Transformer losses at the interface are important for scenario comparability

When modeling a fully active distribution grid a higher share of the demand is modeled within the distribution system. Having energy flows between both systems and a transformer at the interface that is modeled with losses, the total energy that is required by the energy system increases. Therefore, to compare equal energy requirements for all scenarios, these losses are considered with the ‘transdist_eff’ parameter in the shifting processes.

In comparison, the central demand does not include charging of battery electric vehicles or the widespread application of heatpumps. Hence, for the mobility and heat demand the scenario module has been extended with a function to consider this. The variable_distribution_share function on one side shifts the inflexible demand curves to the transmission system level. On the other side, it ensures that the PV-potentials (depending on the distribution grid input parameters) are constant for all scenarios.

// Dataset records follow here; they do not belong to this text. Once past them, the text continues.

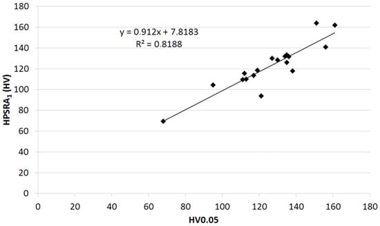 The minimum load W (N) is required to initiate plastic deformation, i.e., to create a visible impression. As reported by Sangwal et al. [], the values of W and the parameter A1, (N.mm−2), which is not dependent on the load, can be obtained from the regression of P (N) against d2 (mm). Parameter A1 (as well as c2, which generally has less accuracy) can be used to calculate the “true hardness” of HPSRA1, the values of which are given, as well as the values of W and A1 in Table 2. The relationship between the measured hardness of HV0.05 and the “actual hardness” of HPSRA1 is presented in Figure 5.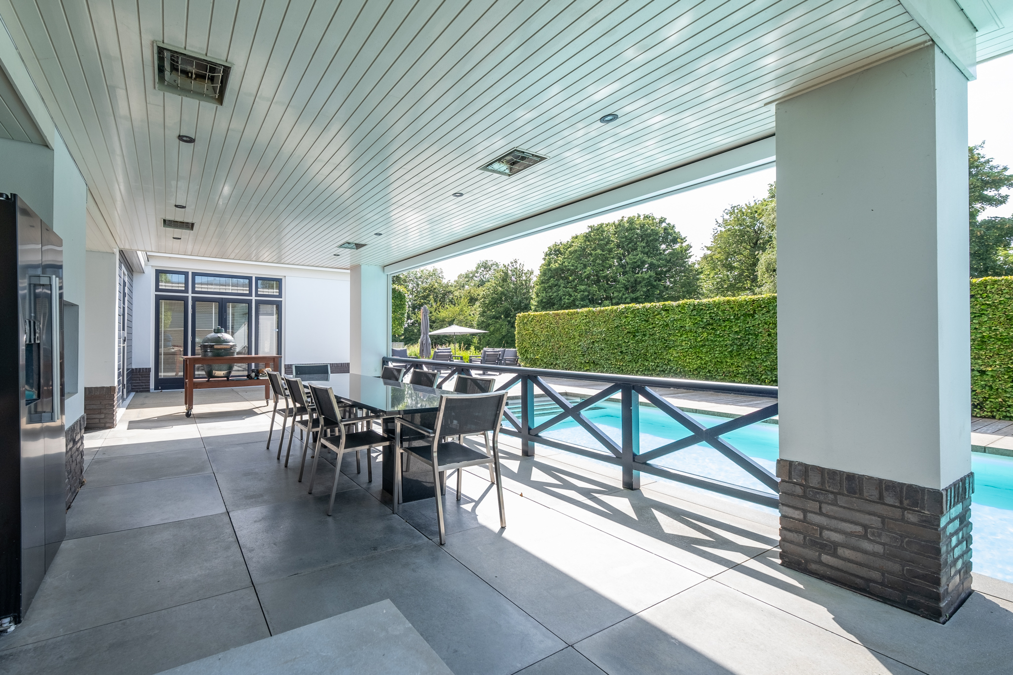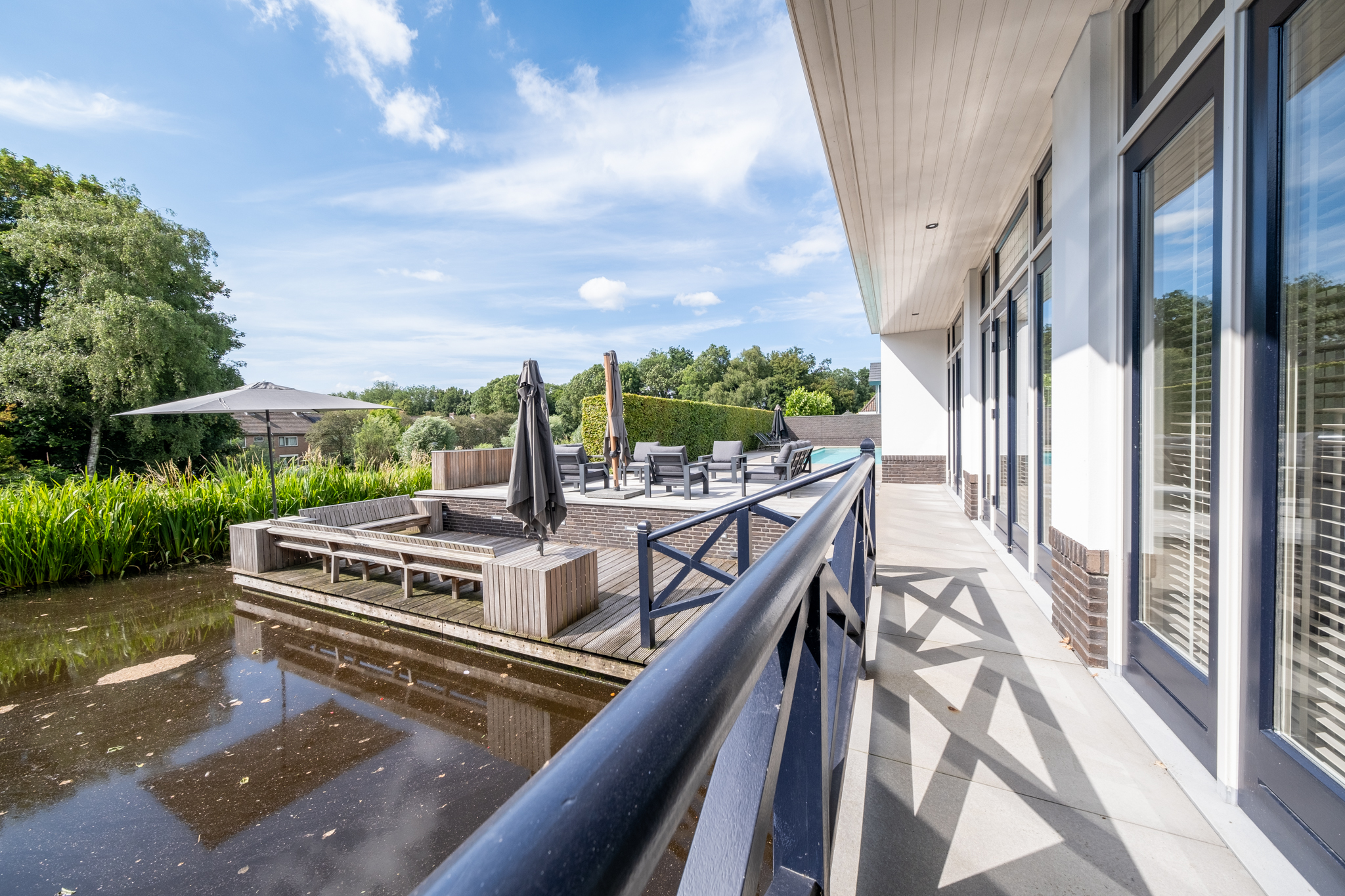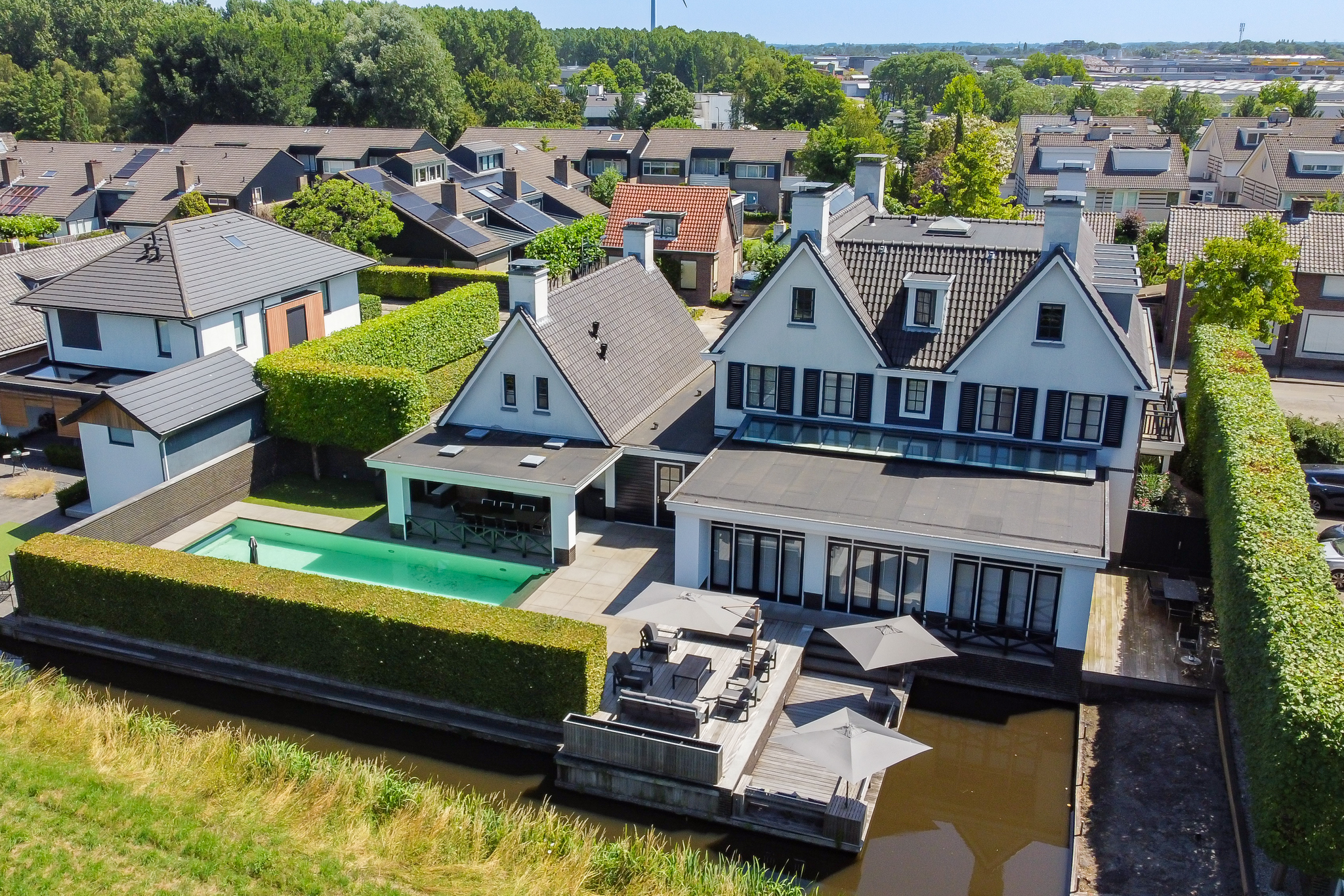De villa is volledig omgeven door een groene, omheinde tuin wat maximale privacy waarborgt. Je beschikt over een royale veranda, parkeerruimte voor meerdere auto’s, een dubbele inpandige garage én een verwarmd buitenzwembad. De achtertuin grenst aan water en heeft vrij uitzicht over een groene dijk waardoor je hier volop privacy geniet. Hier wordt buitenleven een vanzelfsprekendheid.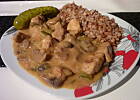 Mięso umyć osuszyć i pokroić w kostkę. Posolić i popieprzyć. W rondlu rozgrzać smalec. Obsmażyć na nim mięso na złoty kolor. Dodać sproszkowaną paprykę i obraną, pokrojoną w półplasterki cebulę. Smażyć do zeszklenia cebuli. Pieczarki umyć, obrać pokroić w plasterki i smażyć na maśle do momentu, aż płyn wyparuje a pieczarki się lekko zrumienią. Dodać je do mięsa wraz z pokrojonymi w cienkie plasterki ogórkami. Doprawić solą, pieprzem i cukrem. Podlać rosołem. Dusić na małym ogniu do miękkości mięsa. Dodać śmietanę wymieszaną z mąką i odrobiną wody. Zagotować.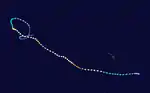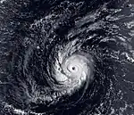 On August 30, a tropical disturbance developed south of Panama. Around 12:00 UTC on September 5, the system organized into a tropical depression as thunderstorms coalesced into loosely defined rainbands. These bands increased in intensity over subsequent hours, signaling the cyclone's intensification into Tropical Storm Kenneth by 06:00 UTC on September 6. Over the coming days, the cyclone moved on a sinussoidal-like path across the East Pacific, alternating between west and west-northwest. On September 8, Kenneth attained hurricane strength, which was followed by its development into a major hurricane on September 10, shortly after an eye first appeared on satellite. Early the following day, it became a powerful Category 4 cyclone with peak winds of 150 mph (240 km/h).[40] Kenneth displayed a small but well-defined eye embedded within a very cold central dense overcast at this time.[41] Soon, the cyclone encountered cooler waters and southwesterly wind shear on its northwest trek,[42] which caused the system to decay. Kenneth dissipated at 00:00 UTC on September 18, though its remnant circulation persisted for a few more days.[40]

def variable_distribution_share(data, cross_scenario_data, transdist_share):
    data['transdist_share'] = pd.Series([transdist_share])  # defined as series to avoid validation error
    if transdist_share < 1:
        if bool(cross_scenario_data):
            data['process'].loc[pd.IndexSlice[:, :, 'PV_utility_rooftop'], 'cap-up'] =
            data['process'].loc[pd.IndexSlice[:, :,'PV_utility_rooftop'], 'cap-up'].values \
            + (1 - transdist_share) * cross_scenario_data['PV_cap_shift'].values
            ### read additional demand (BEV, Heat) from cross_scenario data
            additional_demand_mobility = cross_scenario_data['mobility_transmission_shift']
            additional_demand_heat = cross_scenario_data['heat_transmission_shift']
        ### add additional electricity demand for mobility and heat on transmission level
        for col in data['demand']:
            if col[0] in list(additional_demand_mobility.columns):
                data['demand'].loc[:, col] += additional_demand_mobility.loc[:, col[0]] * (1 - transdist_share)
            if col[0] in list(additional_demand_heat.columns):
                data['demand'].loc[:, col] += additional_demand_heat.loc[:, col[0]]  * (1 - transdist_share)
    return data, cross_scenario_data

The responsible transdist_share is determined in the scenario module, by adjusting the respective parameter (e.g. for a 66% active distribution grid):

def transdist66(data, cross_scenario_data):
    data['global_prop'].loc[pd.IndexSlice[:, 'TransDist'], 'value'].iloc[0] = 1
    data, cross_scenario_data = variable_distribution_share(data, cross_scenario_data, 0.66)
    return data, cross_scenario_data

Before using the discussed scenario framework you should answer yourself the following question:

Do you want to consider different shares for active distribution systems?

  • Yes - Than you need to fully understand the scenario implementations as described above.
  • No - Than you basically need to know that using the default framework, the normal electricity demand needs to be defined within the transmission system demand timeseries, but additional electricity demand from sector coupling must not be included.